While everyone watches the gulf war unfold, we must not ignore other violent conflicts and human rights violations occurring around the world.
Last week in Vilnius, Lithuania, the Soviet Union's army marched against nationalists in the Lithuanian capitol, killing 15 people and injuring many more. Sunday in Riga, Latvia, Soviet soldiers stormed a government building killing five people. Both attacks were unprovoked and against unarmed people.
After Sunday's attack, hundreds of thousands of people marched in Moscow demanding the resignation of President Mikhail Gorbachev, who has defended the attacks.
The governments of the Baltic states have almost full support from their people who have expressed a desire for more independence. In reply, the Soviet government has taken press freedoms away from these states, and in an apparent shift away from the reforms brought by Glasnost, Moscow has now tried to violently suppress independence movements.
Normally these events would be spread across the front pages of every newspaper in the country. But because a war rages in the Middle East, they are buried on the back pages, if they are covered at all.
U.S. citizens must read the news more carefully to see what important national and international issues are being swept under the rug of Operartion Desert Storm.
If a new world order is going to be a reality, the United States and the United Nations need to respond strongly. Bush took the first step last week by condemning the Soviet attacks and calling for the withdrawal of troops.
But this is not enough.

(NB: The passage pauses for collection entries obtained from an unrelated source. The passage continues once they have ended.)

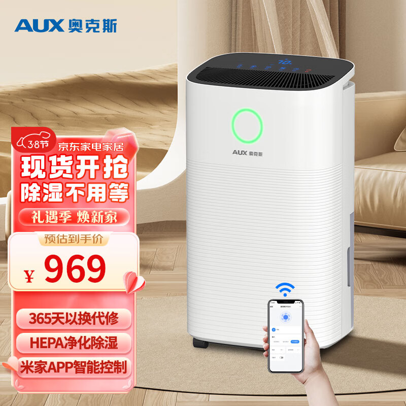 奥克斯(AUX)除湿机/抽湿机 除湿量22升/天 家用轻音地下室干衣除湿器干燥机wifi手机控制KDY-DP22A1价格:969.00元!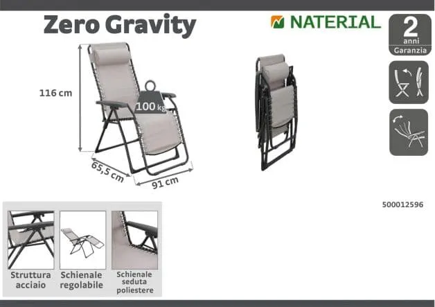 ZERO GRAVITY STEEL MULTIPOSITION RELAX ARMCHAIR, WITH CUSHION, TORTORIdeal for relaxing in the garden or on the patioMultiposition for legs and backEasy to transport and foldEasy to transportEasy to foldThe headrest cushion is included to ensure maximum comfort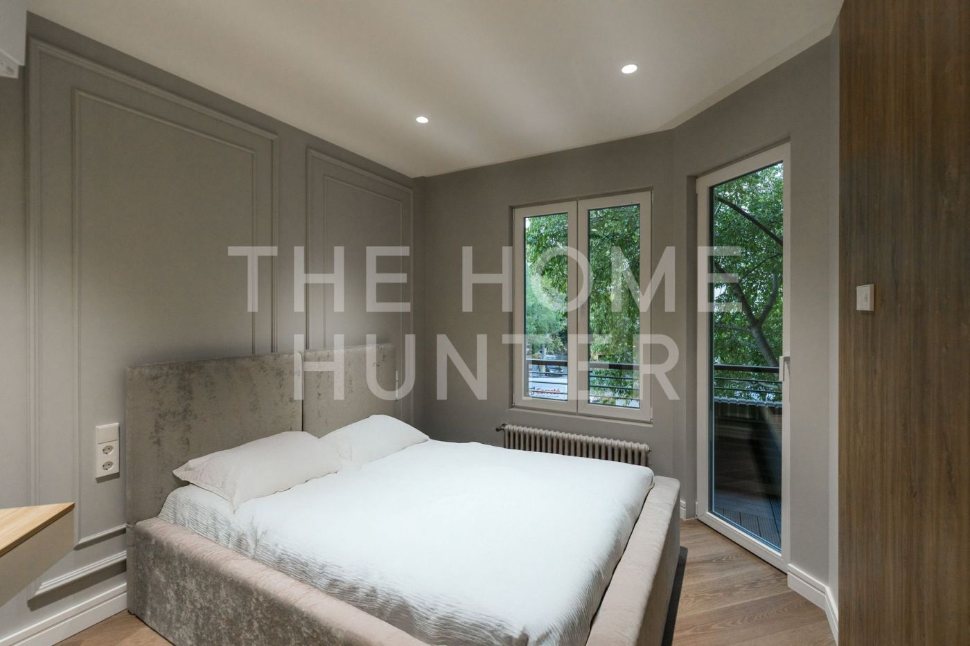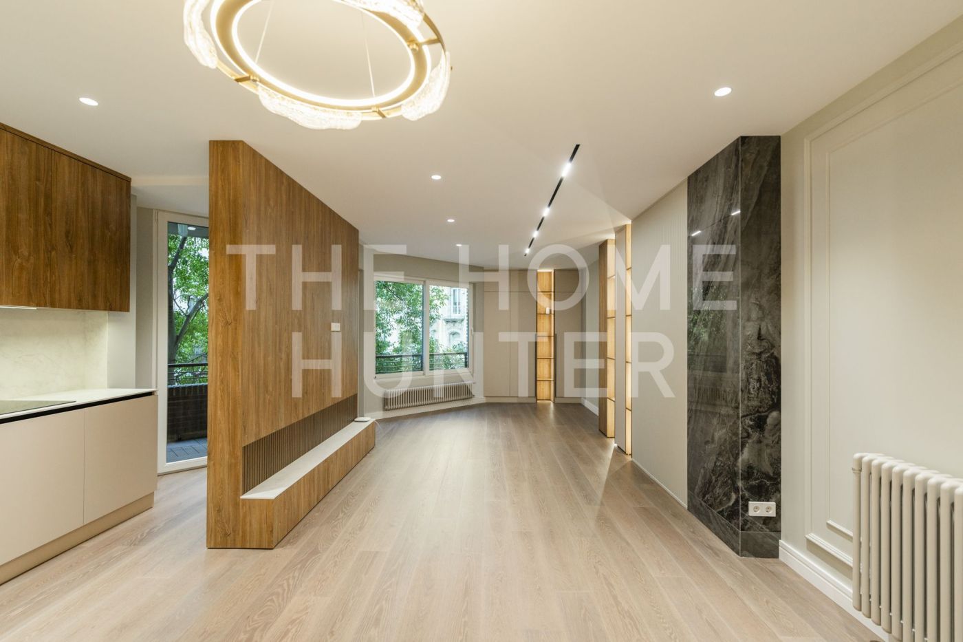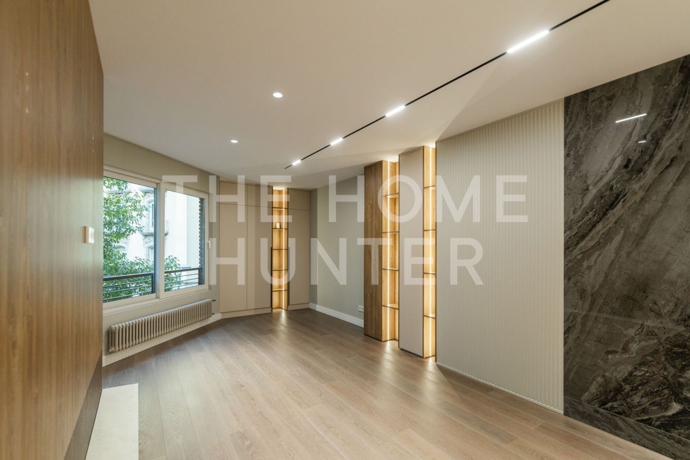 This 122m² apartment (117m² of living space and 11m² from two terraces) is located on the first floor (second floor in American terms) and has been recently renovated. It is entirely exterior-facing, featuring three double bedrooms (two with access to a balcony and one en suite with a walk-in closet), two full bathrooms (one en suite), a guest toilet, a spacious living-dining room with a balcony, and an open, fully equipped kitchen. It has double-glazed windows, ducted air conditioning as well as split units in the bedrooms, and individual gas heating. There are built-in wardrobes and natural oak wood parquet floors. The building, dating from 1881, has two elevators and optional parking.

The scheduled summit for Febuary should be used by Bush to demand Gorbachev remove all troops from the Baltic area or face economic sanctions and the loss of aid. If this fails, the matter should be brought before the United Nations.
Bush and Congress will prove themselves hypocrites by not taking diplomatic and economic action against the Soviet Union for its military crackdown as they did against Iraq.
And a new world order will indeed be just a dream.